14 - Early humans: tools, language, and culture
https://www.cambridge.org/core/books/abs/cambridge-world-history/early-humans-tools-language-and-culture/D607DC0C396C3A2807D93A72EB1D5E46

2) None of those establishment-endorsed AMH look morphologically modern in the way that Herto boy looks modern, even though Herto boy (160ky) is older than most of them. So, it seems to me that Herto boy, based on its age and morphology, should be used as a reference of what sapiens looked like ~160ky. How could it be possible to go from Omo (200ky) to essentially modern-looking Herto boy (160ky) in only 40ky? And then you have the fossils after that (e.g. Nazlet Khater), that do not look more modern than Herto boy. Based on this its crazy to try to organize this diversity of "anatomically modern" human forms (there are as many AMH forms in the Middle Palaeolithic as there as human fossils) into a lineage that leads to us, when you already have sth like Herto boy, which is already essentially like us, at this early 160ky date.

The child’s cranium differs from the adult in being substantially smaller
(especially with respect to maximum length) and has minimal development of its supra-
orbital torus, and a much less projecting mastoid process and a smaller face, as one might
expect in a juvenile. It also has very well-developed parietal bosses and a much more rounded
contour of the external surface of the occipital. These details combine to endow BOU-VP-15/5
with an unequivocally modern morphology.

Africa: The Cradle of Modern People
https://catalogimages.wiley.com/images/db/pdf/9780470894095.excerpt.pdf

So, I'm not really worried so much about what those other 'AMH' are, as much as I'm confident in saying that they are not us (although, like Oase, who carries mtDNA N despite 10% Neanderthal introgression, they may still have varying degrees of sapiens ancestry). Those other fossils are disqualifying themselves by how 'archaic' they look compared to Herto and the Daoxin teeth. For instance, I already pointed out that, in the White et al 2003 paper, Herto adult looks like a mix between Kabwe and Qafzeh 9. Just like how O was able to link these Rift Valley skulls to different crania on the continent, you can learn a lot by doing the same thing with palaeolithic fossils.
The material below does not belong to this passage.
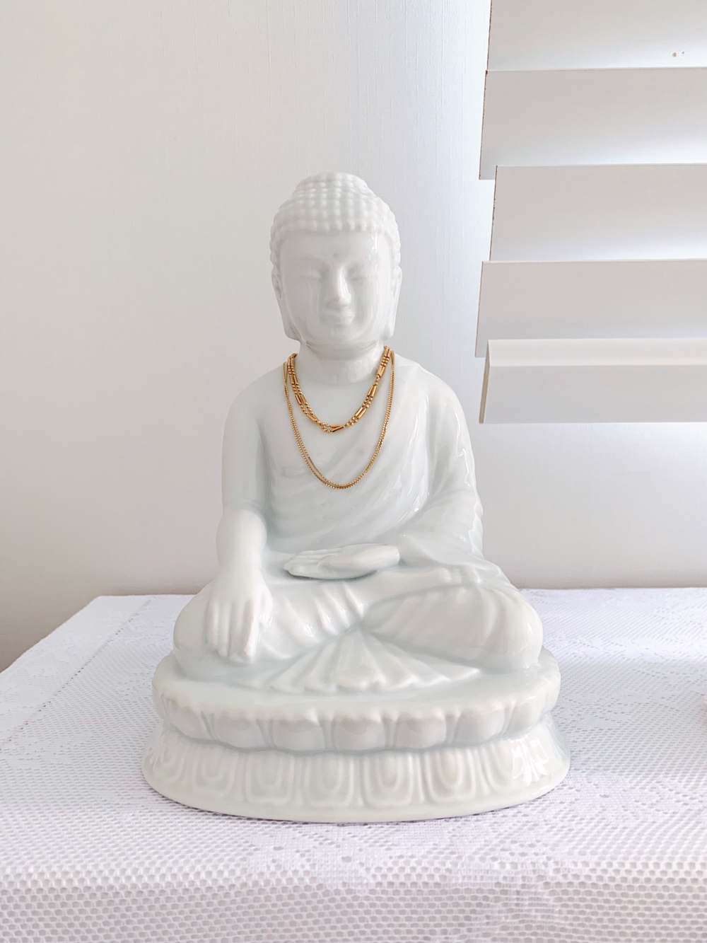 국중박 뮤지엄샵에서 인기 많은 불상은 반가사유상인데 매번 품절이거나 원하는 색이 없었다. 세 분 모셔서 작당모의를 만들고 싶었거늘. 그러던 중 백자 불상이 눈에 들어와서 샀고, 받아보니 생각보다 존재감 뿜뿜이다. 반가사유상이 섬세해서 세련된 느낌이라면 백자 불상은 투박하지만 묵직한 존재감이 느껴진다. 서로 다른 매력이 있다.

3) According to multiregionalism exponents, there is a general lack of material evidence of an OOA migration 50-70ky ago.

3.1) You cannot find 'Cro-Magnons' in Africa
3.2) In most parts of the world, archaeological cultures show local continuation with earlier times and no sign of a universal, intrusive OOA migration bringing new technologies, and so on.
3.3) There is no clear Aurignacian/Upper Palaeolithic culture revolution in Africa, that can serve as a launching pad of OOA.

I don't agree with multiregionalism, but OOA exponents have never addressed these points. I myself can easily address these, based on my view that sapiens were a minority and are not to be identified with establishment-endorsed AMH that are dominant among the archaeological finds. Right away, this solves 3.1 and 3.3. But the establishment will never solve these because you cannot go from any of the AMH they endorse, to mtDNA N carriers in Europe who made Upper Palaeolithic tools. For instance, you cannot go from Aterians, to Upper Paleeolithic Europeans, nor can you go from LSA Africans, to Upper Palaeolithic Europeans. So, how do these 'experts' mean to solve these issues? They don't even acknowledge that multiregionalsts have a point that needs answering.
 
Djehuti
Member # 6698
 - posted
^ I understand what you're saying now. Now that you mention it, I do recall the findings on the palate and pharynx shapes of many of these archaic AMHs not being adapted for speech the way those of modern sapiens-sapiens are which is the reason why I brought up the concept of sub-species and why I agree that all these archaic AMHs were NOT modern sapiens.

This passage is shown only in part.